Could the data below be retyped exactly, without its pictures?

(Records from a collection)
'''
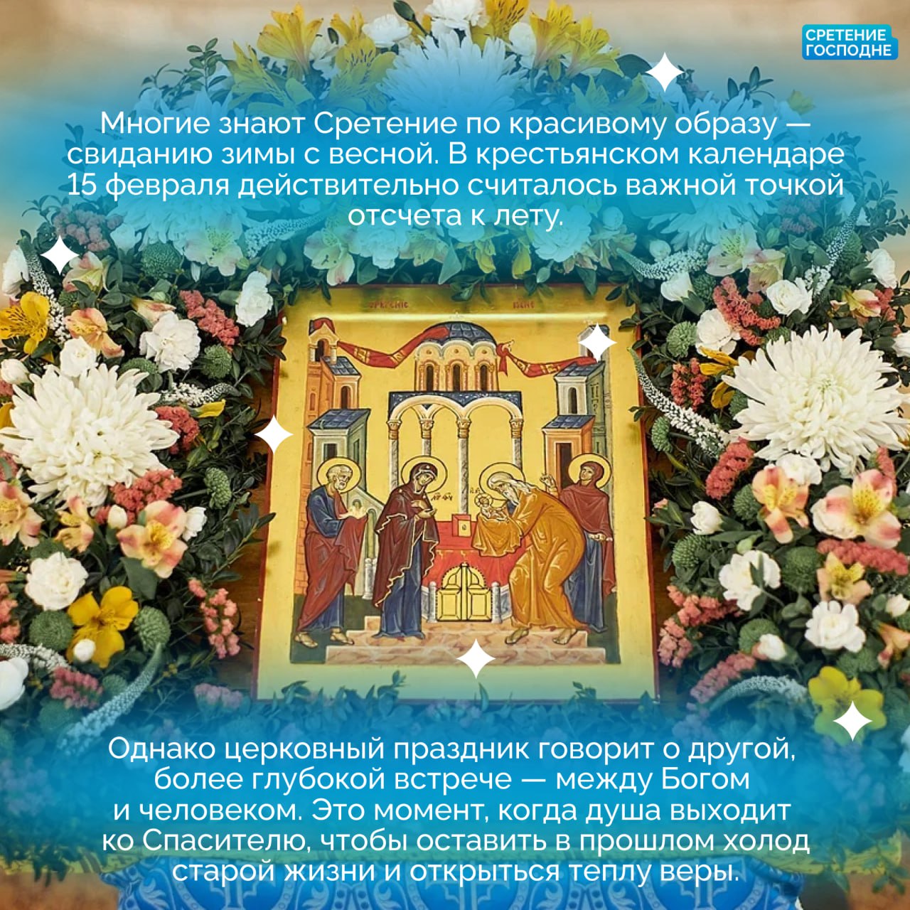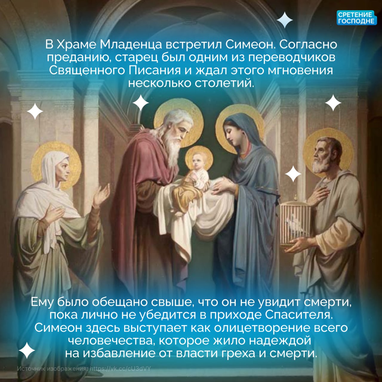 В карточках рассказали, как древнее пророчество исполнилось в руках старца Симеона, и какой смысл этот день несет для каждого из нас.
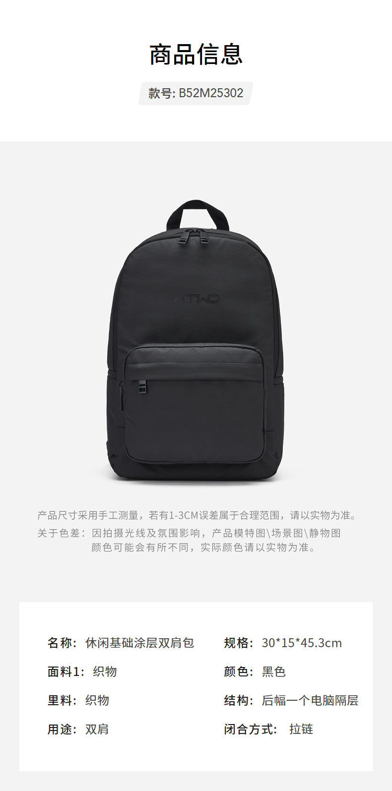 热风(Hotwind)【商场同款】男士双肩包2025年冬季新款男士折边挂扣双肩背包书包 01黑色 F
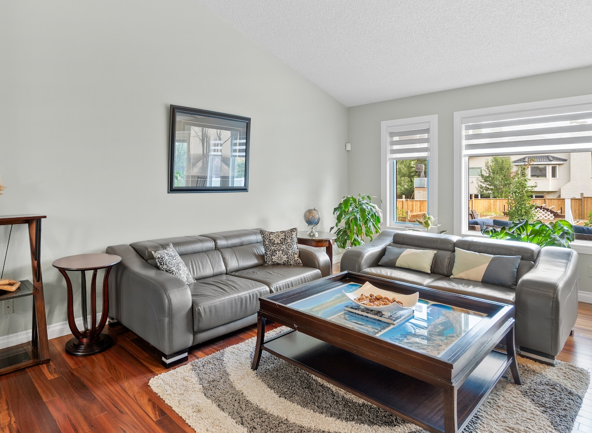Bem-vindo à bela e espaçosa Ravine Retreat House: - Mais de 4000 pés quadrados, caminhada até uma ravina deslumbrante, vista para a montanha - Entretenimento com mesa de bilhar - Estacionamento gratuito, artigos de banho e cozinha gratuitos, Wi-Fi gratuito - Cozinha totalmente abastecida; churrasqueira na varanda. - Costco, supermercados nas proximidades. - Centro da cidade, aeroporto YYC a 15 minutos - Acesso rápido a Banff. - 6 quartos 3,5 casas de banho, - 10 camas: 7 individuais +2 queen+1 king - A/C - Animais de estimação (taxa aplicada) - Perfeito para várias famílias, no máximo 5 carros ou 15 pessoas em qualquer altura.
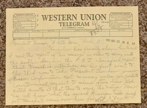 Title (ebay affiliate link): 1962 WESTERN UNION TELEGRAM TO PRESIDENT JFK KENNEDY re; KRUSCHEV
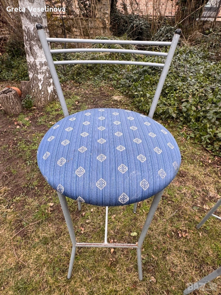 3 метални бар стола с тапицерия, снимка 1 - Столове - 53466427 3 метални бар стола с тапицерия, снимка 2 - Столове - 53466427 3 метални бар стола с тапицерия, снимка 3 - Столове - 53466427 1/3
'''
* _TASK OUTPUT_:
 В карточках рассказали, как древнее пророчество исполнилось в руках старца Симеона, и какой смысл этот день несет для каждого из нас.
 热风(Hotwind)【商场同款】男士双肩包2025年冬季新款男士折边挂扣双肩背包书包 01黑色 F
Bem-vindo à bela e espaçosa Ravine Retreat House: - Mais de 4000 pés quadrados, caminhada até uma ravina deslumbrante, vista para a montanha - Entretenimento com mesa de bilhar - Estacionamento gratuito, artigos de banho e cozinha gratuitos, Wi-Fi gratuito - Cozinha totalmente abastecida; churrasqueira na varanda. - Costco, supermercados nas proximidades. - Centro da cidade, aeroporto YYC a 15 minutos - Acesso rápido a Banff. - 6 quartos 3,5 casas de banho, - 10 camas: 7 individuais +2 queen+1 king - A/C - Animais de estimação (taxa aplicada) - Perfeito para várias famílias, no máximo 5 carros ou 15 pessoas em qualquer altura.
 Title (ebay affiliate link): 1962 WESTERN UNION TELEGRAM TO PRESIDENT JFK KENNEDY re; KRUSCHEV
 3 метални бар стола с тапицерия, снимка 1 - Столове - 53466427 3 метални бар стола с тапицерия, снимка 2 - Столове - 53466427 3 метални бар стола с тапицерия, снимка 3 - Столове - 53466427 1/3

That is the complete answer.